Sonrió al recordarlo, pero el pensamiento se desvaneció tan rápido como llegó. Miró el reloj: debía madrugar.
 Su gato, Godo, llevaba varios días con una tos extraña, y había prometido llevarlo al veterinario.
—Definitivamente, Godo me va a volver loca —murmuró con una sonrisa cansada—. Si mañana no lo ve el médico, podría enfermar de verdad.
Llegó a su apartamento, la herencia más valiosa que le había dejado su padre y el recuerdo más vivo de él.
 Cansada, dejó las llaves sobre la mesa y fue recibida por el suave miau de su gato.
Dennis, su ama de llaves, ya había partido. Ella se encargaba de cuidar tanto de la casa como de Victoria, dejando siempre todo preparado antes de irse.
 Le había dejado comida a Godo, pero al acercarse al plato notó que no había probado bocado. Aquello aumentó su preocupación.
—Ay, Godo… —susurró, acariciándole la cabeza—. Mañana mismo te llevo al veterinario.
Con ese pensamiento se prometió madrugar. Antes de irse a dormir, dejó un mensaje de voz para Dennis:
Mañana saldré muy temprano. Regresaré apenas termine con el veterinario y deje a Godo en casa.”

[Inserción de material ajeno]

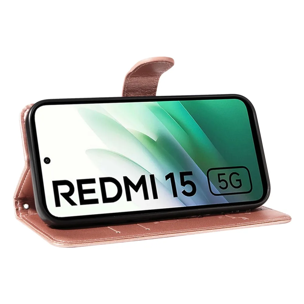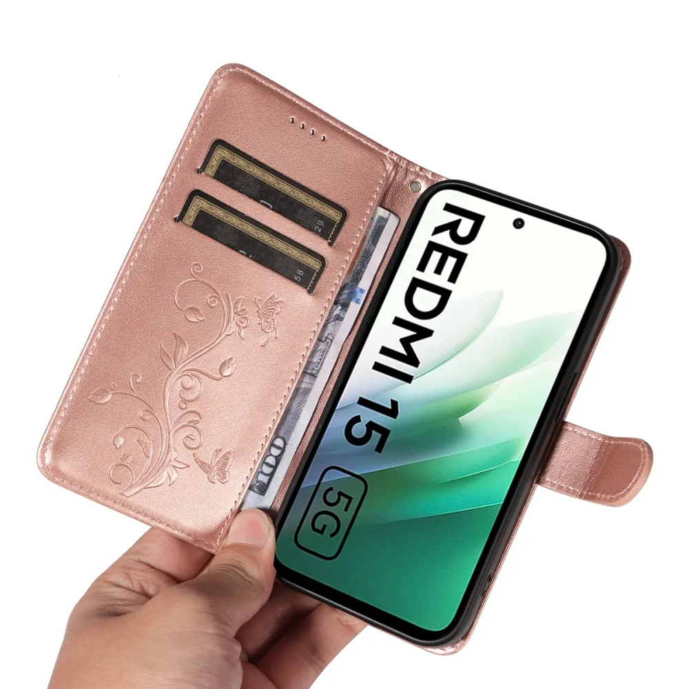 Rózsa arany pénztárca tok Virágok a Xiaomi Redmi 15 5G (169mm) számára
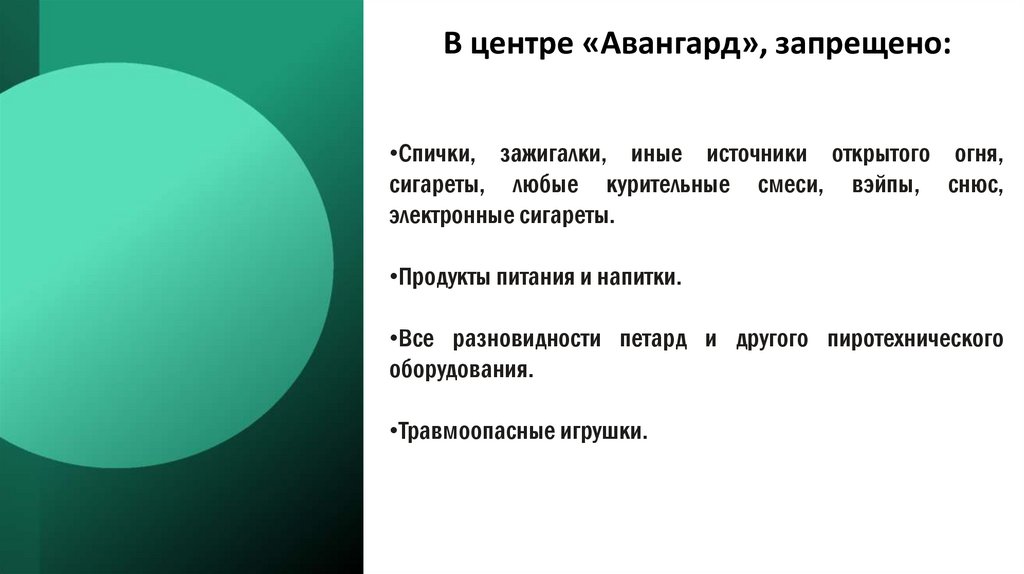 В центре «Авангард», запрещено:•Спички, зажигалки, иные источники открытого огня,

Luego se recostó en la cama, abrazó la almohada y, con la tranquilidad que solo la rutina puede dar, se quedó profundamente dormida, esperando el amanecer.
—¡Denis, mi hermosa Denis! —saludó Victoria mientras entraba a la cocina—. Buenos días.
 —¡Felicitá a Godo! —respondió Denis con una sonrisa—. Le ha ido muy bien. Es un gato sano, está perfecto; solo necesita un par de vitaminas que ahora te indicaré cómo suministrar.
—Gracias, Denis, pero no tengo tiempo —dijo Victoria mientras buscaba las llaves—. Me esperan en la comisaría, debo conducir al otro lado de la ciudad. Te voy llamando y te cuento las indicaciones del veterinario, ¿sí?
 —¡Ay, señorita Victoria! —replicó Denis, negando con la cabeza—. Siempre tan apurada... Le preparé algo para desayunar.
 —No, en serio, me voy volando. ¡Nos hablamos luego! ¡Bye!
Denis la miró salir con un suspiro.
 —Pobre niña —murmuró mientras cerraba la puerta—. Nunca tiene tiempo para desayunar y vive de un lado al otro.
Luego se inclinó hacia el gato y, con una sonrisa cómplice, le dijo:
 —Ven, Godo, te prepararé unas croquetas espectaculares como premio.
El gato respondió con un maullido satisfecho, como si entendiera perfectamente cada palabra.
LLAMADA INSPERADA.
De regreso a la oficina, con mil pendientes rondando su cabeza, el afán del día y la prisa por llegar la invadían.
 El celular sonó. En la pantalla apareció el nombre de Manuel.
—¿Aló, Manuel? ¿Cómo va todo? —preguntó mientras maniobraba entre el tráfico.
 —Muy bien, señorita.
 —Deja de llamarme así —respondió con una ligera sonrisa—. Dime Vicky, recuerda que no estamos frente a ningún cliente.
 —Sí, señorita... perdón, Vicky. —Manuel carraspeó—. El motivo de mi llamada es informarle que, desde las siete de la mañana, la están esperando en la oficina. Dicen que no se marcharán hasta hablar con usted.
 —¿Quiénes son? Ya tengo la agenda organizada… No me digas que olvidaste agendar una cita, mi despistado favorito.
 —No, Vicky, le insisto. Está aquí la esposa del señor Ferrer, la señora Amanda Ferrer. Me comentó que fue gran amiga de su padre… y dice que es urgente hablar con usted.
El tono de Victoria cambió de inmediato.
 Su mente se llenó de recuerdos difusos. Años atrás, su padre le había hablado mucho de la familia Ferrer. Siempre insistía en ir a visitarlos, pero ella, absorbida por el trabajo, aplazaba una y otra vez el encuentro.
 Nunca los conoció. Y ahora, el nombre de esa familia resonaba como un eco del pasado, trayendo consigo una extraña sensación de nostalgia y culpa.
—¿Señorita?... ¿Aló? —la voz de Manuel la sacó de sus pensamientos.
 —Sí, Manuel… dile a la señora Ferrer que en cinco minutos estaré con ella —respondió, intentando disimular el temblor en su voz—. Y agradécele por su paciencia.
Colgó el teléfono y respiró hondo.
 El destino, pensó, tenía una manera curiosa de cerrar los círculos.